Vandegrift v. State, 237 Md. 305, 308-09, 206 A.2d 250 (1965), clarified that calling a witness, who refuses to testify, to allow jurors to infer from the refusal the substance of the unrevealed testimony is a forbidden trial tactic that may warrant a new trial. As the majority sets out in its opinion, maj. op., at 294, 846 A.2d 1073, Vandegriji identified five factors, the presence of which could establish prejudicial error for the calling of the witness. An important point is that the defendant need not meet all five factors to demonstrate reversible error. See Adkins v. State, 316 Md. 1, 13, 557 A.2d 203 (1989). Indeed, to my mind, this case exemplifies how a strong showing of an improper inference of complicity, the Vandegrifl factor one, can be enough to warrant reversal, even without a showing of prosecutorial bad faith, factor two, or the existence of the right to invoke the privilege against self-incrimination, factor three. Neither bad faith nor the right to invoke the privilege really affects the determination of, or the harm from, a prejudicial inference of guilt.
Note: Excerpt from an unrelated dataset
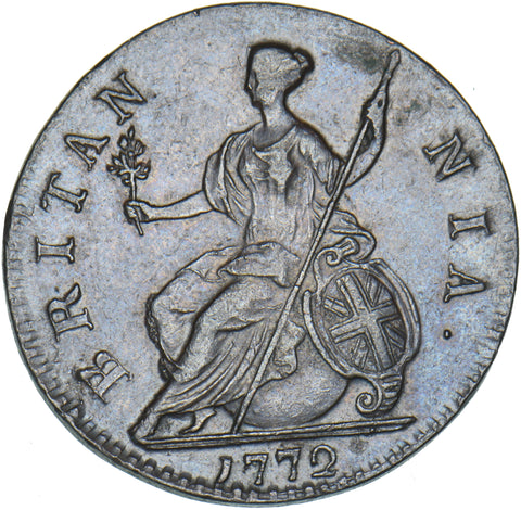 1772 Halfpenny - George III British Copper Coin - Very Nice

The fact of the matter is that, after learning of Johnson’s hostility, the prosecutor continued, intentionally, to propound questions that allowed the jurors to conclude that Somers was the second robber. Nothing is so illustrative of this intent as the particular question to Johnson about whether his accomplice was “in the courtroom today.” See maj. op., at 289, 846 A.2d 1070-71. It was perfectly clear to the jury by then, if it had not been before, that the prosecutor wanted Johnson to identify Somers, and no one else.
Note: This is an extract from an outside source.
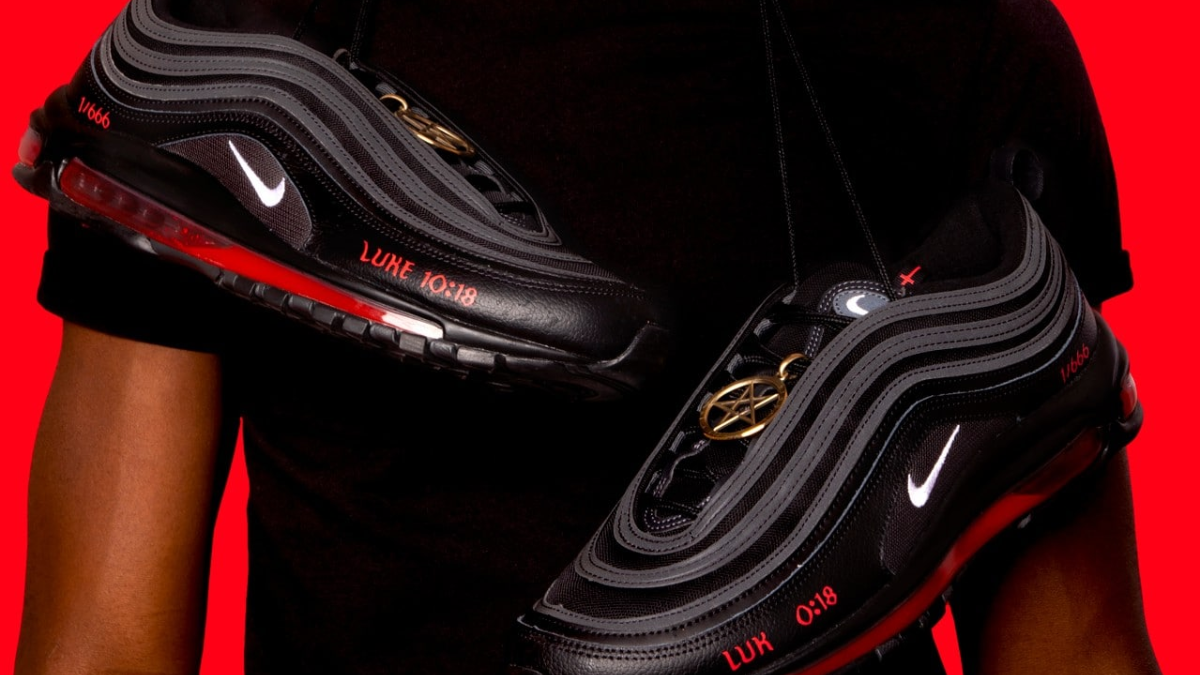 Dựa trên một đôi Air Max 97 của Nike, “Satan Shoes” – hợp tác giữa MSCHF và Lil Nas X gần giống như ác quỷ mà một đôi giày thể thao có thể có được. Ngoài phần upper toàn màu đen, bạn sẽ tìm thấy một bộ phận Air chứa đầy 60cc mực và một giọt máu người thật – vâng, bạn đã đọc đúng. Chủ đề đen tối không dừng lại ở đó, vì những đôi này giới hạn ở 666 đôi giày thể thao (rất thích hợp) được đánh số riêng bằng màu đỏ trên quầy phía sau bên, trong khi “Lu-ca 10:18” trang trí phần tư phía trước cũng bằng màu đỏ satan nét chữ. Lưu ý: 10:18 là đoạn mà Lu-ca nói, “Tôi đã thấy Sa-tan từ trời sa xuống như chớp.”

Once the court excused the jurors and questioned Johnson out of their presence, all participants knew that further questioning would lead to nothing except more refusals to testify. When the prosecutor resumed his questioning in front of the *322jury, he accented the improper inference one more time. It was hardly acting in bad faith for the prosecutor to ask the questions, having obtained the court’s permission to do so, but the effect upon the trial and Somers’s rights were exactly the same as if the State had defied the court and deliberately fostered the improper inference. I find the majority’s conclusion that the inference from the refusal was possibly ambiguous somewhat strained. See maj. op., at 309-10, 846 A.2d 1082-83. The sum total of the interchange was the un-cross-examined testimonial inference that Somers robbed the store.
Whether or not to declare a mistrial is clearly a decision that ordinarily falls within the broad discretion of the trial court and should not be second guessed on appeal, except in rare occasions. See Hudson v. State, 152 Md.App. 488, 521, 832 A.2d 834 (2003). Nevertheless, Johnson was the first witness in this trial, so the presiding judge and the jury had invested only a short time in the proceedings. Relative to other criminal cases of alleged error that we see on appeal, Johnson’s behavior was the kind of extraordinary occurrence that a declaration of mistrial could have quickly and effectively cured. I would hold therefore that, under the circumstances, the trial court’s refusal to declare a mistrial was an abuse of discretion. I take no issue with the majority’s treatment of the other issues raised in the appeal.

. The Court remarked: "Dispensing with confrontation because testimony is obviously reliable is akin to dispensing with a jury trial because a defendant is obviously guilty. This is not what the Sixth Amendment prescribes." Crawford, 541 U.S. -, at-, 124 S.Ct. 1354, 1371, 158 L.Ed.2d 177, at-, 2004 WL 413301, at *15.